The Radio Frequency circuit 904 is used for receiving and transmitting RF (Radio Frequency) signals, also called electromagnetic signals. The radio frequency circuitry 904 communicates with communication networks and other communication devices via electromagnetic signals. The radio frequency circuit 904 converts an electrical signal into an electromagnetic signal to transmit, or converts a received electromagnetic signal into an electrical signal. Optionally, the radio frequency circuit 904 comprises: an antenna system, an RF transceiver, one or more amplifiers, a tuner, an oscillator, a digital signal processor, a codec chipset, a subscriber identity module card, and so forth. The radio frequency circuit 904 may communicate with other terminals via at least one wireless communication protocol. The wireless communication protocols include, but are not limited to: metropolitan area networks, various generation mobile communication networks (2G, 3G, 4G, and 5G), Wireless local area networks, and/or WiFi (Wireless Fidelity) networks. In some embodiments, the radio frequency circuit 904 may also include NFC (Near Field Communication) related circuits, which are not limited in this application.
The display screen 905 is used to display a UI (User Interface). The UI may include graphics, text, icons, video, and any combination thereof. When the display screen 905 is a touch display screen, the display screen 905 also has the ability to capture touch signals on or over the surface of the display screen 905. The touch signal may be input to the processor 901 as a control signal for processing. At this point, the display 905 may also be used to provide virtual buttons and/or a virtual keyboard, also referred to as soft buttons and/or a soft keyboard. In some embodiments, the display 905 may be one, providing the front panel of the terminal 900; in other embodiments, the number of the display panels 905 may be at least two, and each of the display panels is disposed on a different surface of the terminal 900 or is in a foldable design; in other embodiments, the display 905 may be a flexible display disposed on a curved surface or a folded surface of the terminal 900. Even more, the display screen 905 may be arranged in a non-rectangular irregular figure, i.e. a shaped screen. The Display panel 905 can be made of LCD (Liquid Crystal Display), OLED (Organic Light-Emitting Diode), and other materials.

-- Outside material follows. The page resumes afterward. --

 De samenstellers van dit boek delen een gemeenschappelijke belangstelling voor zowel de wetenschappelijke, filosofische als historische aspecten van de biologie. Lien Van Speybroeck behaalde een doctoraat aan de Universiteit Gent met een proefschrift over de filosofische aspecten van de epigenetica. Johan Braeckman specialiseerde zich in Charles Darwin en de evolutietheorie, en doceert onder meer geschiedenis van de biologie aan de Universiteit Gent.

The camera assembly 906 is used to capture images or video. Optionally, camera assembly 906 includes a front camera and a rear camera. The front camera is arranged on the front panel of the terminal, and the rear camera is arranged on the back of the terminal. In some embodiments, the number of the rear cameras is at least two, and each rear camera is any one of a main camera, a depth-of-field camera, a wide-angle camera and a telephoto camera, so that the main camera and the depth-of-field camera are fused to realize a background blurring function, and the main camera and the wide-angle camera are fused to realize panoramic shooting and VR (Virtual Reality) shooting functions or other fusion shooting functions. In some embodiments, camera assembly 906 may also include a flash. The flash lamp can be a monochrome temperature flash lamp or a bicolor temperature flash lamp. The double-color-temperature flash lamp is a combination of a warm-light flash lamp and a cold-light flash lamp, and can be used for light compensation at different color temperatures.

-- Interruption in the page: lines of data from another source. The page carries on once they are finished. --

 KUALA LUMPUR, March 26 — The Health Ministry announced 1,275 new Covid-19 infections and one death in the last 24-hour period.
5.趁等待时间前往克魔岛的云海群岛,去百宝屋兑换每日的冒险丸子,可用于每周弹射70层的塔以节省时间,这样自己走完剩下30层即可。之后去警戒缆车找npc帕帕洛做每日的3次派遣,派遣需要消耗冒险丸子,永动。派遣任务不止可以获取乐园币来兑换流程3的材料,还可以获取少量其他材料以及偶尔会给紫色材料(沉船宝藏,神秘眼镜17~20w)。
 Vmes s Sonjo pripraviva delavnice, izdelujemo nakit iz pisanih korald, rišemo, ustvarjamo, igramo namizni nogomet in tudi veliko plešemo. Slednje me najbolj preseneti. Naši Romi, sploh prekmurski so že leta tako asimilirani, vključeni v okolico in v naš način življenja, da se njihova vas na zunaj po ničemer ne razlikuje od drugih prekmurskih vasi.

Audio circuit 907 may include a microphone and a speaker. The microphone is used for collecting sound waves of a user and the environment, converting the sound waves into electric signals, and inputting the electric signals to the processor 901 for processing, or inputting the electric signals to the radio frequency circuit 904 for realizing voice communication. For stereo sound acquisition or noise reduction purposes, the microphones may be multiple and disposed at different locations of the terminal 900. The microphone may also be an array microphone or an omni-directional pick-up microphone. The speaker is used to convert electrical signals from the processor 901 or the radio frequency circuit 904 into sound waves. The loudspeaker can be a traditional film loudspeaker or a piezoelectric ceramic loudspeaker. When the speaker is a piezoelectric ceramic speaker, the speaker can be used for purposes such as converting an electric signal into a sound wave audible to a human being, or converting an electric signal into a sound wave inaudible to a human being to measure a distance. In some embodiments, audio circuit 907 may also include a headphone jack.
The positioning component 908 is used to locate the current geographic Location of the terminal 900 for navigation or LBS (Location Based Service). The Positioning component 908 may be a Positioning component based on the GPS (Global Positioning System) in the united states, the beidou System in china, the graves System in russia, or the galileo System in the european union.

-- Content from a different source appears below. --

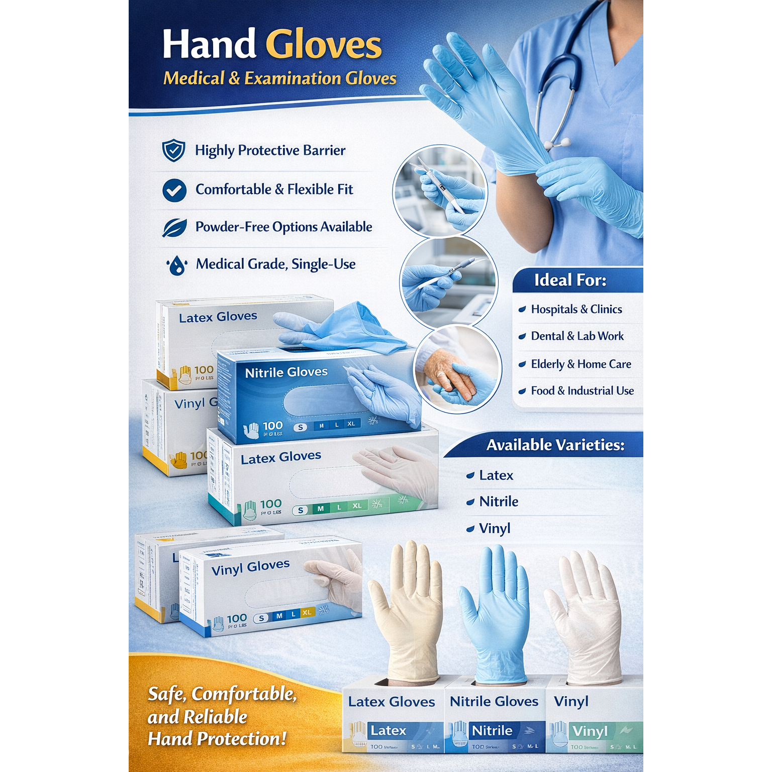 Nitrile Gloves: मजबूत, puncture-resistant and latex-free (ideal for allergy-prone users)

Power supply 909 is used to provide power to the various components in terminal 900. The power source 909 may be alternating current, direct current, disposable or rechargeable. When power source 909 comprises a rechargeable battery, the rechargeable battery may support wired or wireless charging. The rechargeable battery may also be used to support fast charge technology.
In some embodiments, terminal 900 can also include one or more sensors 910. The one or more sensors 910 include, but are not limited to: acceleration sensor 911, gyro sensor 912, pressure sensor 913, fingerprint sensor 914, optical sensor 915, and proximity sensor 916.
The acceleration sensor 911 can detect the magnitude of acceleration in three coordinate axes of the coordinate system established with the terminal 900. For example, the acceleration sensor 911 may be used to detect the components of the gravitational acceleration in three coordinate axes. The processor 901 can control the display screen 905 to display the user interface in a landscape view or a portrait view according to the gravitational acceleration signal collected by the acceleration sensor 911. The acceleration sensor 911 may also be used for acquisition of motion data of a game or a user.
The gyro sensor 912 may detect a body direction and a rotation angle of the terminal 900, and the gyro sensor 912 may cooperate with the acceleration sensor 911 to acquire a 3D motion of the user on the terminal 900. The processor 901 can implement the following functions according to the data collected by the gyro sensor 912: motion sensing (such as changing the UI according to a user's tilting operation), image stabilization at the time of photographing, game control, and inertial navigation.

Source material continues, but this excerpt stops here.